Translation commentary on Jeremiah 16:16

In Hebrew the pronoun I is emphatic as a suffix on Behold (see 1.6), and it is strengthened by the formula says the LORD (see 1.8).

Sending for means “summon.”

Fishers is more naturally rendered in English as “fishermen” (Good News Translation). Translators should use the term for people who catch fish for a living. If there is no such term, then for the first clause they can say “I am sending many people to chase these people just like they would catch fish.”

They shall catch them: The pronoun them is identified in Good News Translation as “these people” and in Die Bibel im heutigen Deutsch as “the people of Judah.” Die Bibel im heutigen Deutsch in fact translates catch them as “catch the people of Judah like fish.”

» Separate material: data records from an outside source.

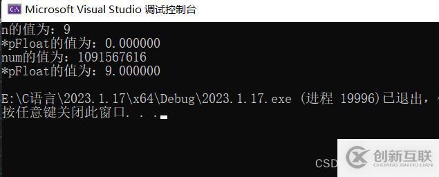 printf("*pFloat的值為:%f\n", *pFloat);//9.0
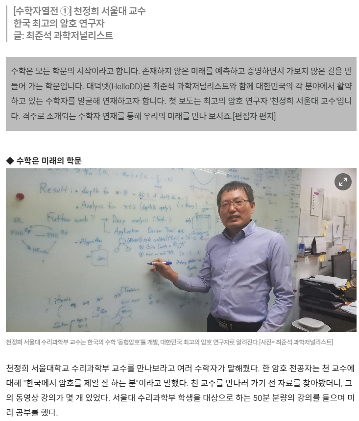 크립토랩_"서양 수학, 따라가기 급급···한국 수학 '동형암호' 역습"
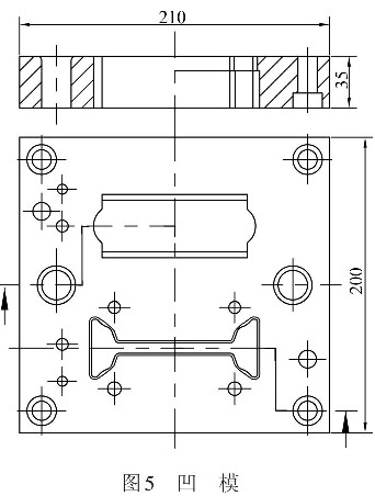 (1)凹模結構如圖5所示,為了簡化模具結構, 便于制造,凹模采用整體式結構,材料選用 Cr12moV,熱處理硬度60-64 HRC,刃口型孔采用慢 走絲線切割加工,工作部分的尺寸公差按IT5級制 造,各孔的位置誤差<0.005 mm。沖裁刃口與凸模的 雙邊配合間隙為0.12 mm。凹模的主要失效形式為 廢料堵塞,從而導致凹模脹裂,凹模刃口設計成直 壁加臺階漏料孔的形式。
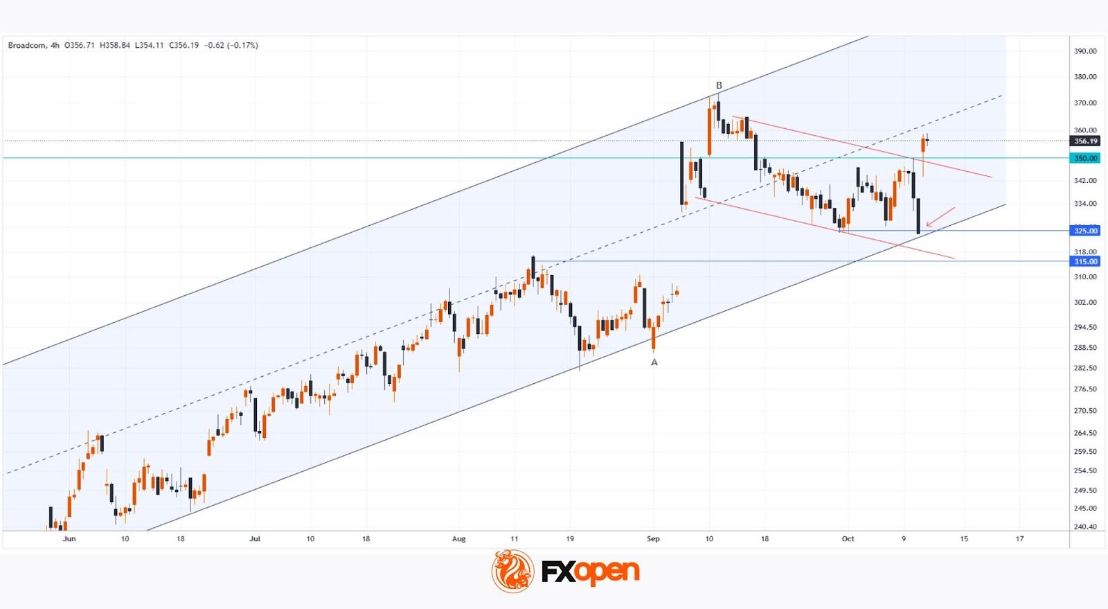 В прошлом месяце новости о партнерстве с OpenAI стали сильным бычьим драйвером для акций NVDA. В октябре – аналогичный эффект наблюдается на графике акций Broadcom (AVGO).
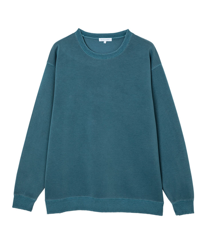 ・ピグメント加工をしたダンボールニットトレーナーです。古着っぽい雰囲気とダンボールニットの着心地の良さを併せ持っています。ゆとりのあるワイドシルエットで旬なコーディネートを作り出します。
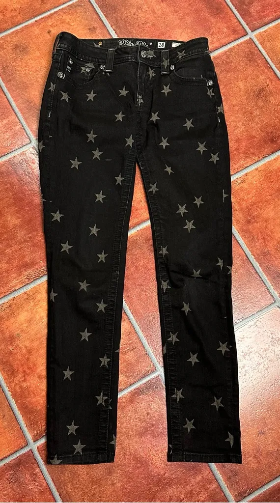 The ultimate flattering skinny jeans by Miss Me, these feature an all over star graphic of varying f sizes and neutral color tones. Signature rise. Brand: Miss Me Condition: Excellent Style: Skinny Size: 28 Inseam: 31”

I will send for many hunters: As with fishers, if there is no term for hunters, translators can say “I am sending for many people to come pursue these people just as men hunt animals.”

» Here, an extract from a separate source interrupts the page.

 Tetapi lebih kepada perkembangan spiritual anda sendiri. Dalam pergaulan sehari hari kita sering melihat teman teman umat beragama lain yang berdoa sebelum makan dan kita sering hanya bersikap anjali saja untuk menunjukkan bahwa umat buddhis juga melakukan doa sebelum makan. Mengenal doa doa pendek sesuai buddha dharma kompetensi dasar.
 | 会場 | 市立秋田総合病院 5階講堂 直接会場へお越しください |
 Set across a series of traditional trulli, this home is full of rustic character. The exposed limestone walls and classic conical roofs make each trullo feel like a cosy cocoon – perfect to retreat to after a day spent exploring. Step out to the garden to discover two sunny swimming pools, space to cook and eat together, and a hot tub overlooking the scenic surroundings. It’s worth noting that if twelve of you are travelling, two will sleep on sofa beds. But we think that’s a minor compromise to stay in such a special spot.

And they shall hunt them is restructured in Die Bibel im heutigen Deutsch by an idiomatic expression that means “go after them like game” or “treat them like game.” The figure in Die Bibel im heutigen Deutsch is literally that of beating the bushes to drive an animal out into the open where it may be captured or killed.

From every mountain … and out of the clefts: In some translations this is rendered as “hunting them on every mountain and hill, and looking for them in the clefts of the rocks.” But if translators can retain the image of chasing them out of the clefts (see the note on Die Bibel im heutigen Deutsch above), it is probably good; this may be done, for example, with “chase them out of their hiding places in the rocks.” For mountain see 3.23; for clefts see 13.4.

Quoted with permission from Newman, Barclay M. and Stine, Philip C. A Handbook on Jeremiah. (UBS Helps for Translators). New York: UBS, 2003. For this and other handbooks for translators see here .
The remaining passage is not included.